With the development of deep learning as an efficient method to process large amounts of data, recent research has proposed the use of deep learning approaches to accelerate the drug discovery process. Specifically, new research has demonstrated the potential for generative deep learning approaches in novel chemical generation using natural language processing (NLP) methodologies

In our project, we decided to implement three models from scratch in order to rigorously test our hypothesis.

First, we implemented our own baseline model (Model A) consisting of one LSTM layer of 32 units and one dropout layer with a probability of 0.2 (Figure 3A). This baseline not only offered a point of comparison but gave us a foundation to work off of for our more complex models.
For our novel model (Model B), we combine a sequence of gated recurrent unit (GRU) layers, with 128 units, and a sequence of LSTM layers consisting of 512 units(Figure 3B). We explored the efficacy of this unique combination because previous papers have highlighted the use case of both GRU and LSTM layers for molecular generation, but none explored their use case in conjunction.
Our third model (Model C) consisted of only LSTM layers with 512 units, and was a more complex version of our baseline model with five LSTM layers (Figure 3C). All of our models had the same Dense output layer of 43 units to represent the 43 output possibilities of our dataset.

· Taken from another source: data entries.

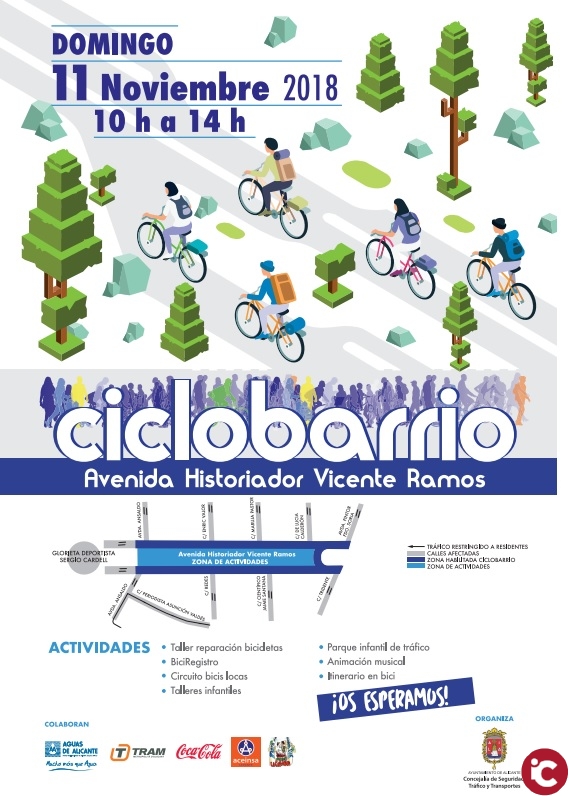 En este Ciclobarrio van a colaborar las siguientes entidades y empresas: TRAM Alicante, Vectalia, Aceinsa Levante S.A, Coca Cola y Aguas Municipalizadas de Alicante.
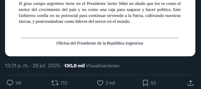 El gran campo argentino tiene en el Presidente Javier Milei un aliado que los ve como el motor del crecimiento del país y no como una caja para saquear y hacer política. Este Gobierno confía en su potencial para continuar sirviendo a la Patria, cultivando nuestras tierras, y posicionándose como líderes del sector en el mundo.
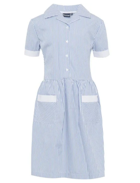 Item: Button front corded stripe dress with contrast white trim on sleeves and pockets.
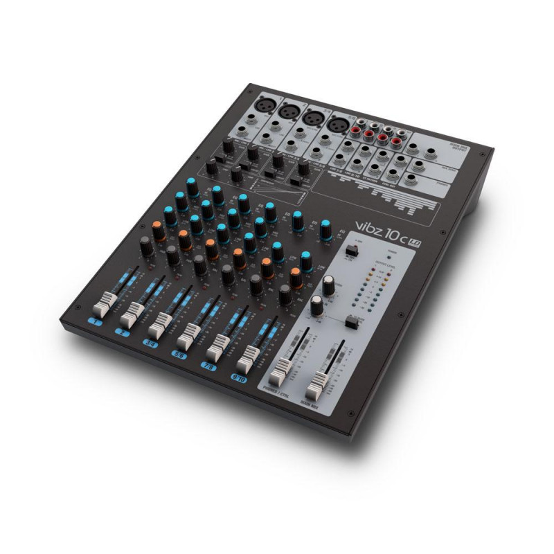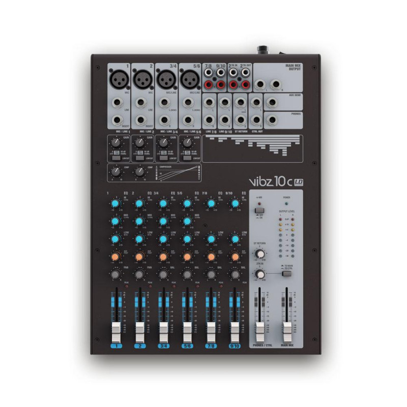 La VIBZ 10 es una mesa de mezclas versátil de 4 entradas de micrófono balanceadas, con previos de alta calidad, filtro paso altos y alimentación fantasma conmutable. Dos canales de micrófono disponen de conexiones insert para realizar un procesado independiente de la señal, y otros dos se pueden usar como canales de línea estéreo.
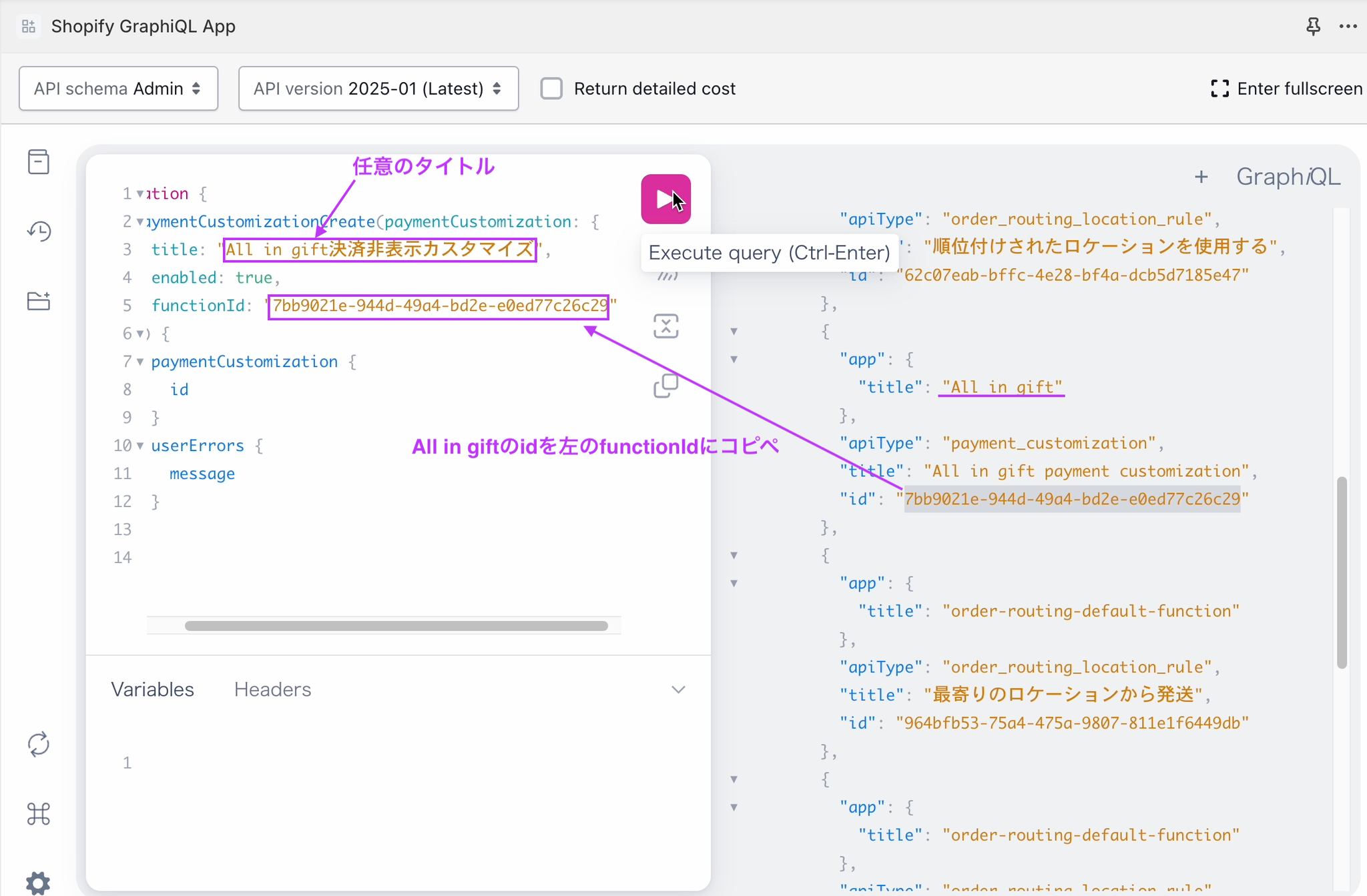 Shopify公式ドキュメントにあるstep3: Create the payment customization with GraphiQLの通り進めていきます
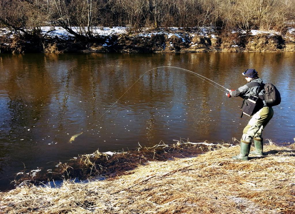 Na o pirmadienį jau su spiningais prie upės. Vanduo žemas, žiedai šąla. Bet gaudom. Pakilus saulutei nugarą pradėjo visai maloniai šildyti. O apie pietūs ir ilgai lauktas kibimas. Smagi kova ir 62cm, 1,96kg šlakis krante. Atiduota duoklė objektyvams ir žuvis, žinoma, keliauja atgal.
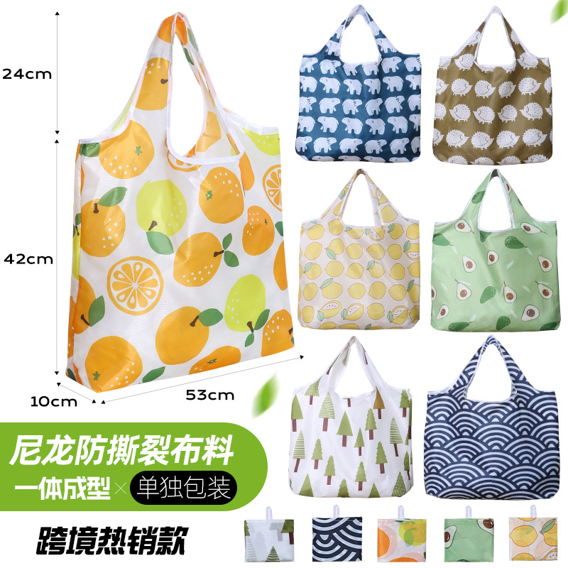 新しい在庫ナイロン環境に優しい折りたたみショッピングバッグ大容量折りたたみトートバッグプリントクリエイティブポータブル環境に優しいバッグ

On our generic data, prior to transfer learning, we evaluated our three models’ abilities to learn nonspecific chemical syntax from our generic test dataset. Our baseline model (Model A) achieved an accuracy of 65.5% while the loss remained at 1.193. Using this as our point of reference for developing future models, we then evaluated our hybrid model (Model B) on the same test dataset, achieving an accuracy of 76.7% and a loss of 0.788. Lastly, we evaluated our improved baseline model (Model C) and achieved an accuracy of 77.4% and a loss of 0.770 (Table 1).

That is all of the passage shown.